Mit so manchem Problem bei der ORF-Gebührenumstellung auf eine Haushaltsabgabe konfrontiert, sagte Schindlauer, dass es sich um „eine Herkulesaufgabe“ für die OBS (früher GIS) handle, die täglich 10.000 Schreiben pro Tag verschicke. Das sei auch für die Post eine Herausforderung. Natürlich würde hier so mancher Fehler passieren. „Wir gehen all diesen Dingen nach und probieren bestmöglich für jeden Zahler da zu sein“, so die ORF-Finanzdirektorin.
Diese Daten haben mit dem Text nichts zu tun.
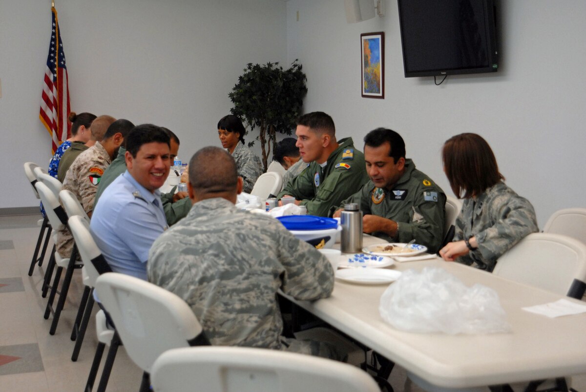 Goodfellow hosts International Student Brown Bag Luncheon Published June 25, 2013 By Airman 1st Class Breonna Veal 17th Training Wing Public Affairs GOODFELLOW AIR FORCE BASE, Texas -- Members of Team Goodfellow shared lunch with international students from the 315th Training Squadron for the International Student Brown Bag Luncheon June 18, at the base chapel. Team Goodfellow members learned the customs, foods and militaries of the foreign officers during the luncheon. "The purpose of this luncheon is to bring awareness tof the different cultures here," said Yalonda Folks, International Military Student Officer Chief. "We want the students to intermingle and meet new people." One of the dishes served, goat kabbash is a traditional Southwest Asian dish, and helped start the students' discussion about culture and food. It was a good chance to share cultures and meet new people, said one of the international military students. "The luncheons are a good way for our students to get involved in the community," added Folks. "It's also a good way for their sponsors to introduce them to an American way of life."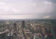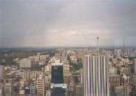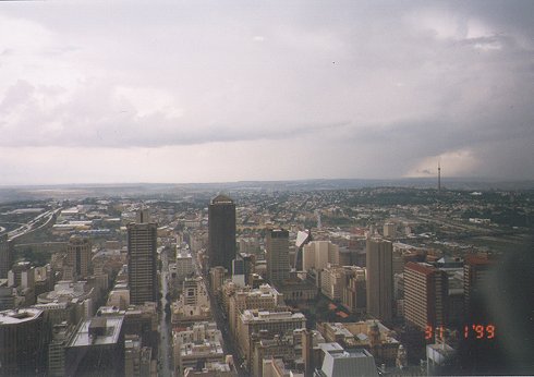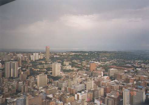 Wir checkten aus und starteten morgens zu unserer Stadtrundfahrt. Wir bekamen die kleine Tour (Johannesburg) zum Preis der großen Tour (Johannesburg und Soweto). Als wir im Auto saßen begann es fürchterlich zu regnen. Binnen Sekunden stand das Waser knöcheltief auf den Straßen. Es war quasi kein Durchkommen mehr. Unser Fremdenführer fuhr unbeirrt weiter. Der Regen ließ relativ schnell nach und so konnten wr auch etwas von Johannesburg sehen. Wir fuhren dann zum Top of Africa (ehemaliges Hilton Hotel) und sahen uns die Stadt von oben an. Die ganze Innestadt ist nach dem Ende der Apartheid langsam ausgestorben und die Gebäude, z.B. in den Bildern unten, sind jetzt fast alle leer!!!

Der ORF-Publikumsrat beschloss in der Sitzung zwei Empfehlungen an die ORF-Geschäftsführung. Im Bereich Inklusion regten die Rätinnen und Räte an, dass der Einsatz von Künstlicher Intelligenz (KI) beim Ausbau barrierefreier Angebote forciert werden solle. Auch sollen Journalistinnen und Journalisten mit einer Behinderung verstärkt in den ORF-Redaktionen arbeiten und gestalten können. Denn wie Erfahrungen anderer Sender zeigen, wirke sich ihr Blick auf die Welt wesentlich auf die Gestaltung aus und erzeuge neue Medienbilder, hieß es. Außerdem verändere sich dadurch die Einstellung der Kolleginnen und Kollegen ohne Behinderung zum Thema.

Im Gesundheitsbereich empfahl das ORF-Gremium etwa eine strenge Orientierung an einschlägiger wissenschaftlicher Evidenz und eine bessere Abstimmung mit anderen Akteuren im Gesundheitswesen. Die Thematisierung von Gesundheit dürfe zudem nicht nur auf der „Vernunftschiene“ erfolgen, sondern müsse auch auf die „Lust-“ und „Lifestyleschiene“ abzielen. Nicht zuletzt wird eine erhöhte Sensibilität in der Darstellung und im Umgang mit dem Thema Alkohol empfohlen.